Each line from the one containing "Poignées de porte" to the end of the entries below is to be set down exactly; the pictures are not.

BEGIN RECORDS FOR THE TASK

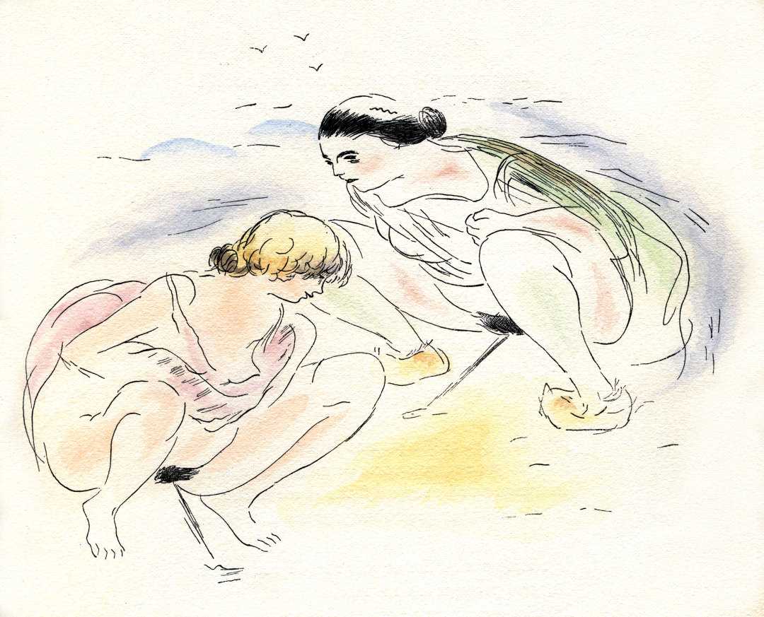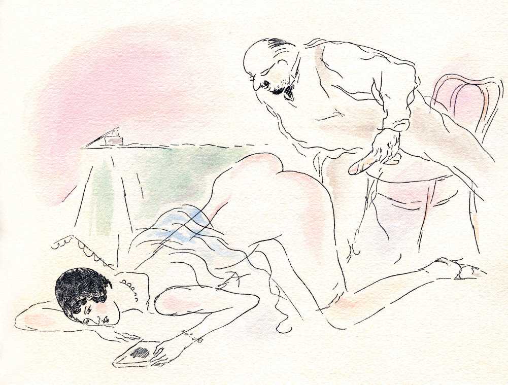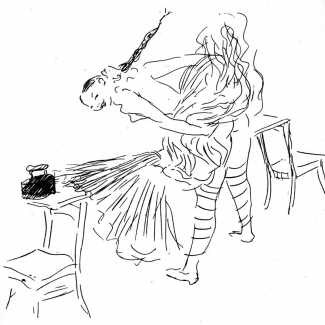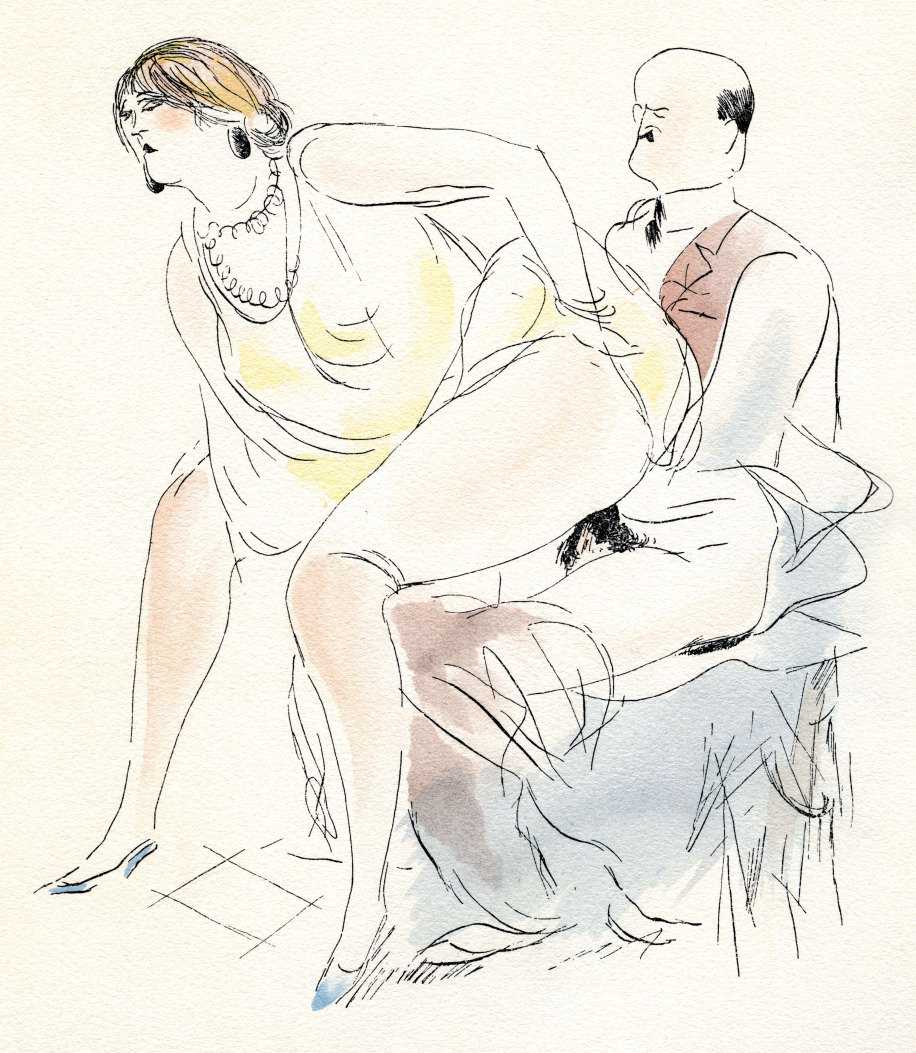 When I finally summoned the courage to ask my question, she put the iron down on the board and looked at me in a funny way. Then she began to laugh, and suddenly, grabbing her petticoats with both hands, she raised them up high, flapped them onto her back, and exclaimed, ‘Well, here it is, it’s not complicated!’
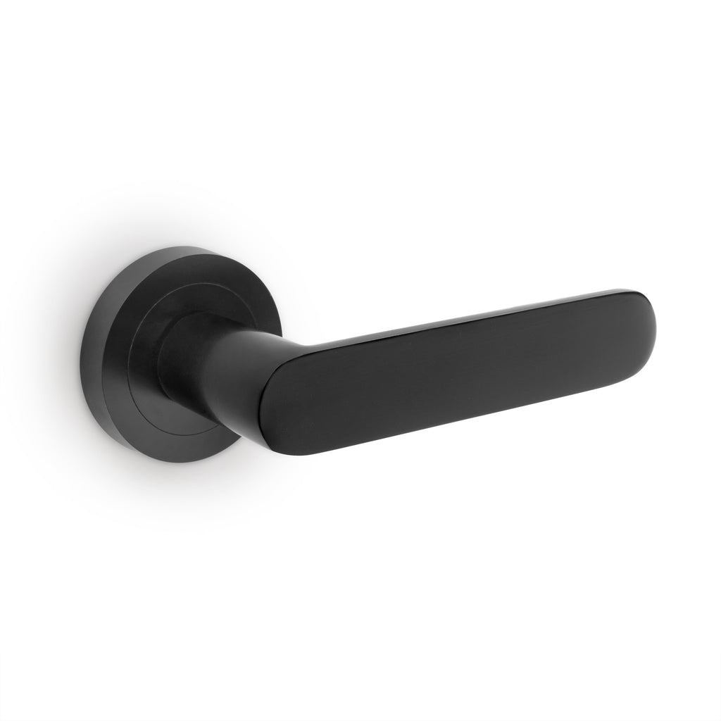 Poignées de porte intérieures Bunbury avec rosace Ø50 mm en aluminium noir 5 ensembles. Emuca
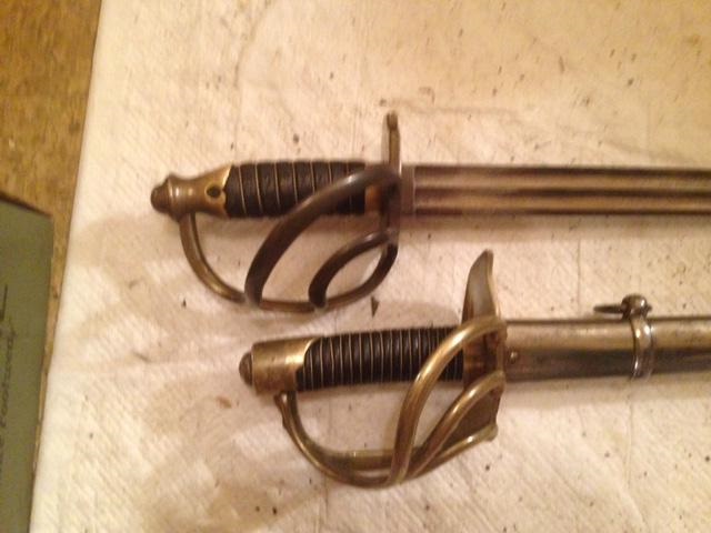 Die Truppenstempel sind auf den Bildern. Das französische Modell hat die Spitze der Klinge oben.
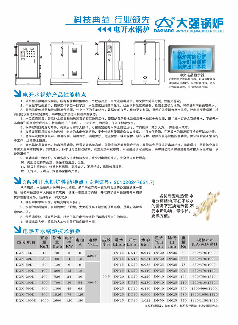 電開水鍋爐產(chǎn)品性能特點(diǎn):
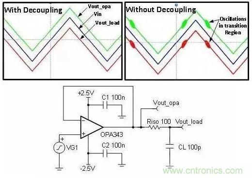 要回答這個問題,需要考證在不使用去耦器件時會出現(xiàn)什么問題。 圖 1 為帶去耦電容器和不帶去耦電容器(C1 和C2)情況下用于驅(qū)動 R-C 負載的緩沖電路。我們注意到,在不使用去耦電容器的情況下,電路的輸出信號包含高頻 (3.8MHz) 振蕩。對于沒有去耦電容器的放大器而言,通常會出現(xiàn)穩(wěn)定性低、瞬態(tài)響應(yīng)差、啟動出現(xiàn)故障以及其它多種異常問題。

END RECORDS FOR THE TASK

• _ANSWER BOX_
 Poignées de porte intérieures Bunbury avec rosace Ø50 mm en aluminium noir 5 ensembles. Emuca
 Die Truppenstempel sind auf den Bildern. Das französische Modell hat die Spitze der Klinge oben.
 電開水鍋爐產(chǎn)品性能特點(diǎn):
 要回答這個問題,需要考證在不使用去耦器件時會出現(xiàn)什么問題。 圖 1 為帶去耦電容器和不帶去耦電容器(C1 和C2)情況下用于驅(qū)動 R-C 負載的緩沖電路。我們注意到,在不使用去耦電容器的情況下,電路的輸出信號包含高頻 (3.8MHz) 振蕩。對于沒有去耦電容器的放大器而言,通常會出現(xiàn)穩(wěn)定性低、瞬態(tài)響應(yīng)差、啟動出現(xiàn)故障以及其它多種異常問題。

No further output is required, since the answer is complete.